DDP gradient inplace error

Hi, I’m trying to use DistributedDataParallel for adversarial training.
My code works perfectly fine before but facing an error when converting it to DDP.

The error message:

[W python_anomaly_mode.cpp:104] Warning: Error detected in CudnnBatchNormBackward0. Traceback of forward call that caused the error:
  File "AT.py", line 253, in <module>
    main()
  File "AT.py", line 235, in main
    train(args, model, device, train_loader, optimizer, epoch)
  File "AT.py", line 117, in train
    logit_nat = model(data)
  File "/home/hao/anaconda3/envs/test/lib/python3.7/site-packages/torch/nn/modules/module.py", line 1102, in _call_impl
    return forward_call(*input, **kwargs)
  File "/home/hao/anaconda3/envs/test/lib/python3.7/site-packages/torch/nn/parallel/distributed.py", line 886, in forward
    output = self.module(*inputs[0], **kwargs[0])
  File "/home/hao/anaconda3/envs/test/lib/python3.7/site-packages/torch/nn/modules/module.py", line 1102, in _call_impl
    return forward_call(*input, **kwargs)
  File "/home/hao/xh_Adversarial_Performance_Eval/model/wideresnet.py", line 87, in forward
    out = self.relu(self.bn1(out))
  File "/home/hao/anaconda3/envs/test/lib/python3.7/site-packages/torch/nn/modules/module.py", line 1102, in _call_impl
    return forward_call(*input, **kwargs)
  File "/home/hao/anaconda3/envs/test/lib/python3.7/site-packages/torch/nn/modules/batchnorm.py", line 179, in forward
    self.eps,
  File "/home/hao/anaconda3/envs/test/lib/python3.7/site-packages/torch/nn/functional.py", line 2283, in batch_norm
    input, weight, bias, running_mean, running_var, training, momentum, eps, torch.backends.cudnn.enabled
 (function _print_stack)
Traceback (most recent call last):
  File "AT.py", line 253, in <module>
    main()
  File "AT.py", line 235, in main
    train(args, model, device, train_loader, optimizer, epoch)
  File "AT.py", line 124, in train
    loss.backward()
  File "/home/hao/anaconda3/envs/test/lib/python3.7/site-packages/torch/_tensor.py", line 307, in backward
    torch.autograd.backward(self, gradient, retain_graph, create_graph, inputs=inputs)
  File "/home/hao/anaconda3/envs/test/lib/python3.7/site-packages/torch/autograd/__init__.py", line 156, in backward
    allow_unreachable=True, accumulate_grad=True)  # allow_unreachable flag
RuntimeError: one of the variables needed for gradient computation has been modified by an inplace operation: [torch.cuda.FloatTensor [640]] is at version 13; expected version 2 instead. Hint: the backtrace further above shows the operation that failed to compute its gradient. The variable in question was changed in there or anywhere later.
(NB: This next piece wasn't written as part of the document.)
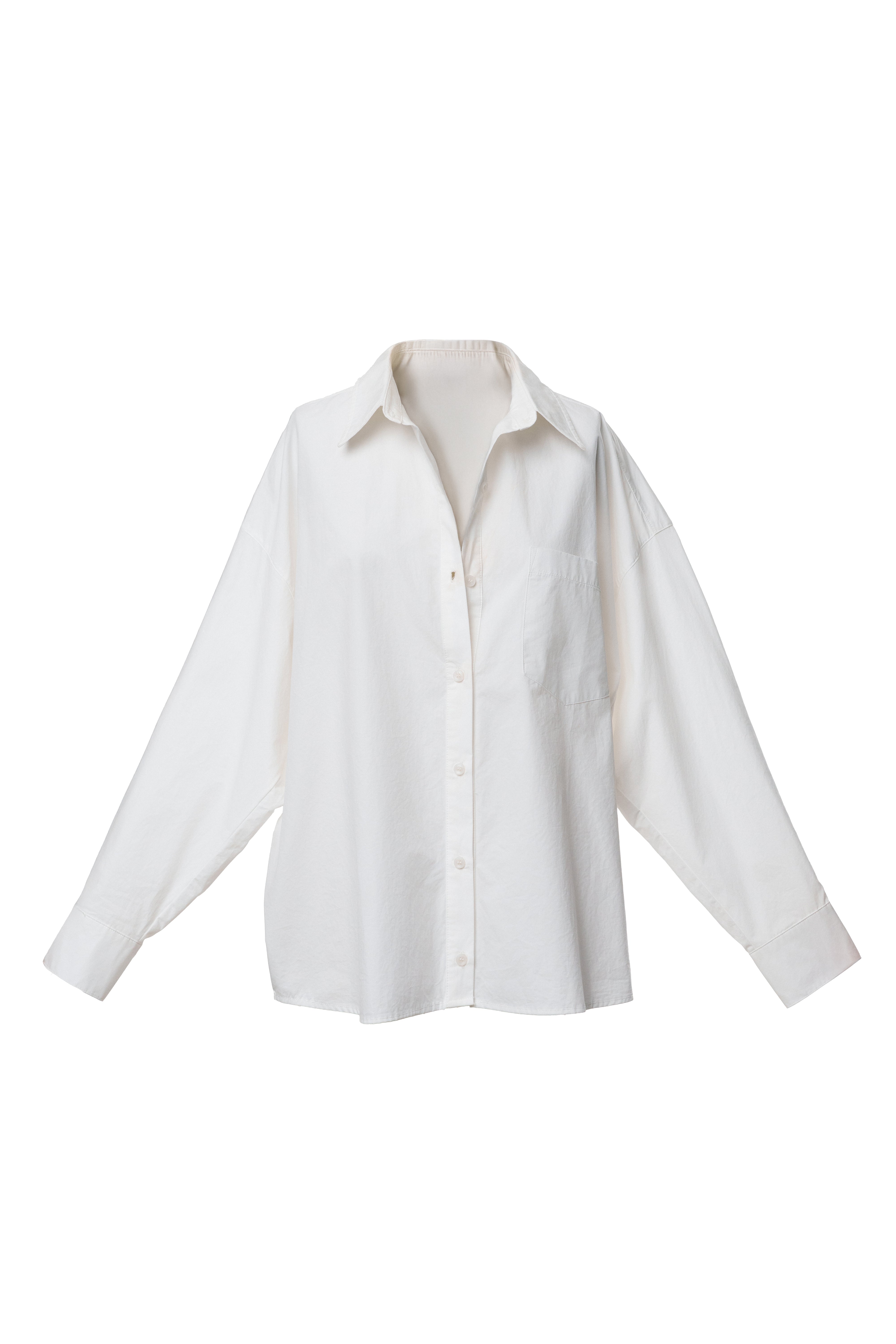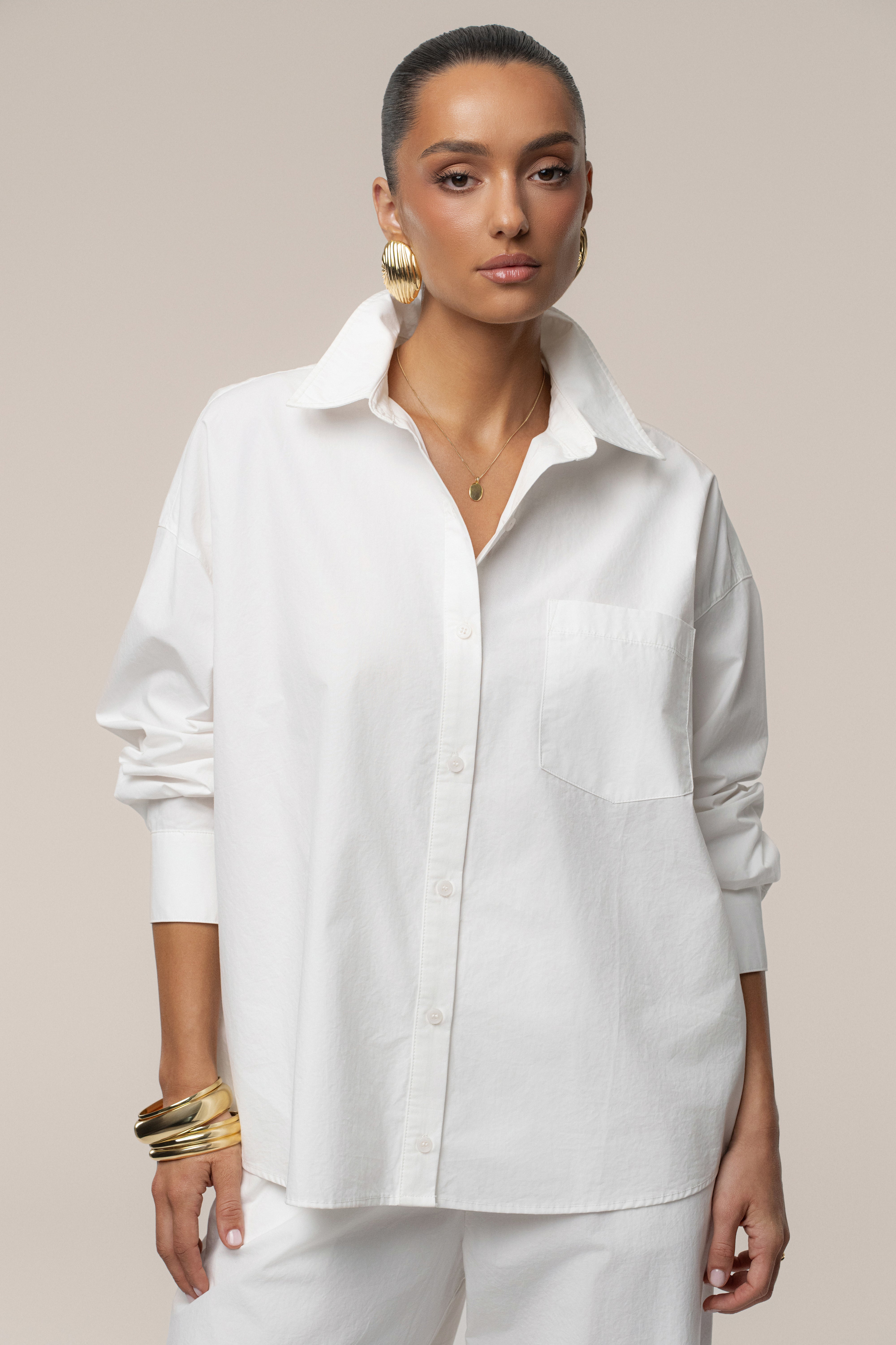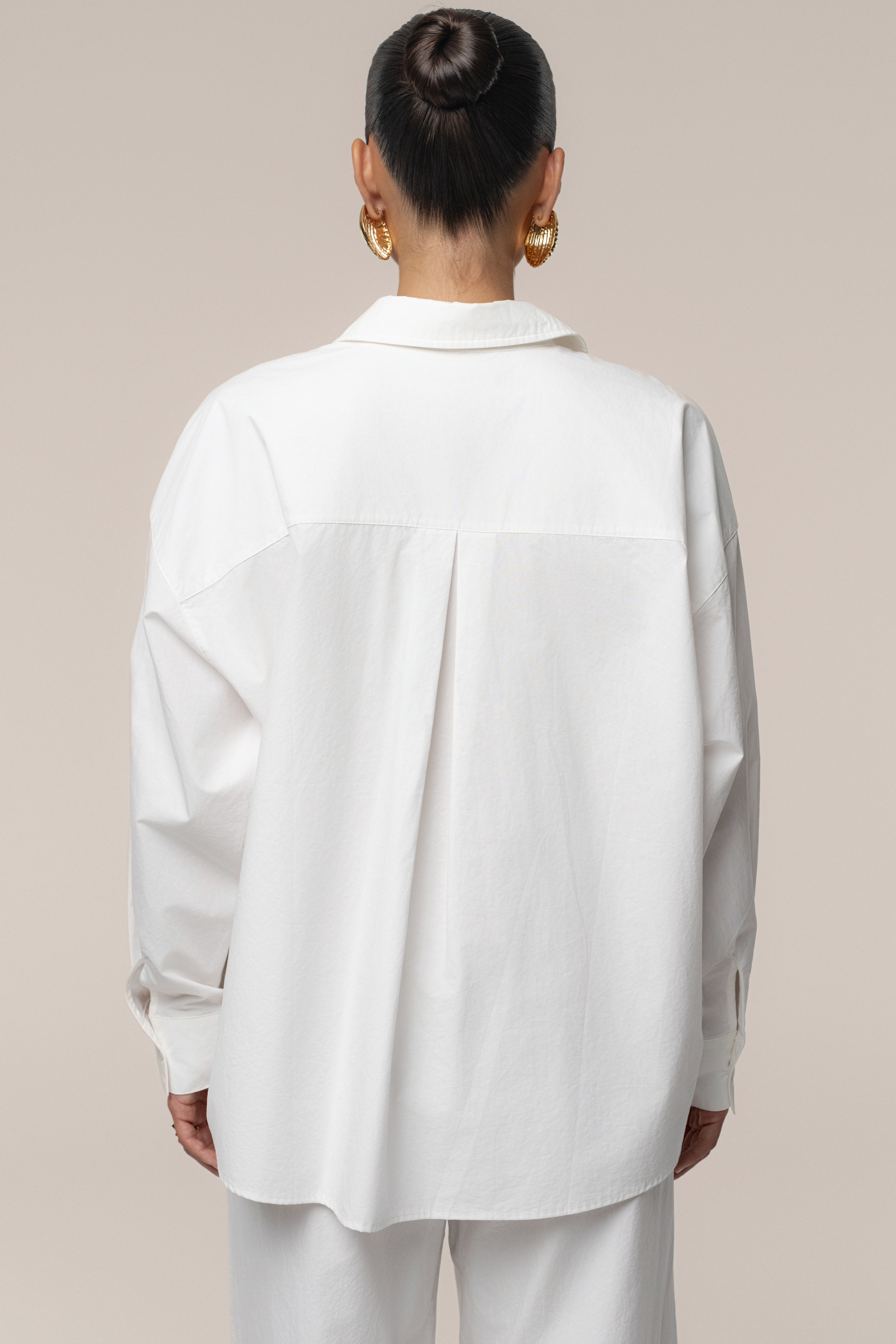 Our new Ivory Leon Poplin Shirt is a timeless essential that blends classic design with modern versatility. Crafted from lightweight fabric, this button-up features a traditional collar, chest pocket, and a relaxed, slightly oversized fit for effortless style. Lightweight and comfortable, it's ideal for both elevated occasions and everyday wear. Oversize. Single lined. Not sold as set.

Good luck!

My training code:

def train(args, model, device, train_loader, optimizer, epoch):
    model.train()
    beta = 1
    loss_nat_sum = 0
    loss_adv_sum = 0
    for batch_idx, (data, target) in enumerate(train_loader):
        data, target = data.to(device), target.to(device)
        optimizer.zero_grad()
        logit_nat = model(data)
        loss_nat = F.cross_entropy(logit_nat, target)
        x_adv = pgd_resnet(model, data, target, args.step_size, args.epsilon, args.num_steps)
        logit_adv = model(x_adv)
        loss_adv = F.cross_entropy(logit_adv, target)
        loss = loss_nat + beta * loss_adv
        loss.backward()
        optimizer.step()
        loss_nat_sum += loss_nat.item()
        loss_adv_sum += loss_adv.item()
    loss_nat_final = loss_nat_sum/len(train_loader.dataset)
    loss_adv_final = loss_adv_sum/len(train_loader.dataset)
    print('Train Epoch: {} \tNatural Loss: {:.6f}, Adv Loss: {:.6f}'.format(epoch, loss_nat_final, loss_adv_final), file=log_file, flush=True)

I noticed the error only occurs when I add two losses together. If I do loss_nat.backward() or loss_adv.backward() alone, it works fine.

Thanks for any advice.

I cannot see any obvious issues in your code so could you post a minimal, executable code snippet to reproduce the error, please?